O man. Epic 3D on its way. I could drone on and on about #postgis

Still working furiously on final edits for the PostGIS Cookbook.  My last chapter is the last one that the Packt editors and managers are waiting for, but it will be the best I’ve contributed to the book, so I think it will be worth everyone’s time.

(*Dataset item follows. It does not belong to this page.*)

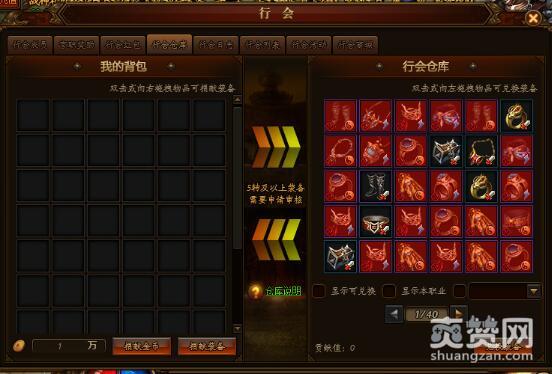 接下来看到的将是行会中的武器库,哪里来这么多高级装备?都是行会中同仁浴血奋战爆回来的,想要?简单。只需要在傲天烈火封神有高额的行会贡献值就可以搞定,行会贡献值可以通过投入装备和捐献金币等来获得。一定要不断扩充自己的贡献值,等到你想要装备的时候可以随心所欲兑换很多。

The trick with this chapter is that when I first wrote it, it was before the heavy lifting the Oslandia folks have done on SFCGAL and all the nifty 3D integration work, so I have spent a few days reviewing their work and figuring out some novel applications for their work to date (FOSS moves so quickly, I’m having to write new stuff just to keep up…).

Also, for those of you who ooh’d and ahh’d at Bobby Sudekum’s exciting drone mapping post on the MapBox blog, I’ll be showing you some of the post-processing steps you can do in PostGIS of drone imagery.  The whole workflow isn’t in place yet (now that Bborie has made raster faster, we’re waiting on some image draping utilities), but I predict we’re less than a year away from being able to replace that proprietary stack (that can cost between $4-20,000 per annum in licensing fees) with a PostGISful stack.  The 3D chapter will take you halfway there.

Now for some drone scribbles:

Path for drone (uas flight) with overlapping dots representing uas drone picture locations
Drone Scribbles

7 thoughts on “O man. Epic 3D on its way. I could drone on and on about #postgis

    1. BTW, are you planning to be the first package manager to wrap up and put a bow on SFCGAL? It’s not too bad to get going on Ubuntu, but it’s not exactly a picnic either… . It’d be awesome to see it in the Windows builds.

      1. That’s in my plans. I was close I think — got sfcgal to compile, cgal 4.2 to compile, but got stuck getting postgis to be happy with the sfcgal and cgal connection (that was a while ago and oslandia had made some fixes since then at my request). I’m planning to have it packaged with PostGIS 2.2. Too late for 2.1, but once I have the kinks worked out will have available on winnie PostGIS 2.2 buildbot builds for people to try.

  1. Any plans on making the scripts and data available? I’m mostly interested in testing (valgrind, callgrind, etc.)…

    1. Data can be found here:
      https://github.com/smathermather/postgis-cookbook-data/tree/master/chp07

      although expect these datasets to be in flux for the next couple of days.

      PostGIS is used at the beginning and end:

      1) PostGIS can be used to optimize the ordering of the images that go into the sparse bundle adjustment by looking at likely 3D viewshed overlap based on GPS location, pitch, roll, and heading (assuming the step I haven’t tested yet of calculating 3D intersections just works…). In this way, pairwise comparisons of matches can be optimized, and the number of cross comparisons minimized. A simpler method might be to just ORDER BY ST_GeoHash.

      2) Point cloud creation is in bundler/PMVS, i.e. https://www.cs.cornell.edu/~snavely/bundler/ This step could be partially done in PostGIS too (importantly, the part with patent encumbered code) with the addition of OpenCV and sift: http://docs.opencv.org/modules/nonfree/doc/feature_detection.html?highlight=sift )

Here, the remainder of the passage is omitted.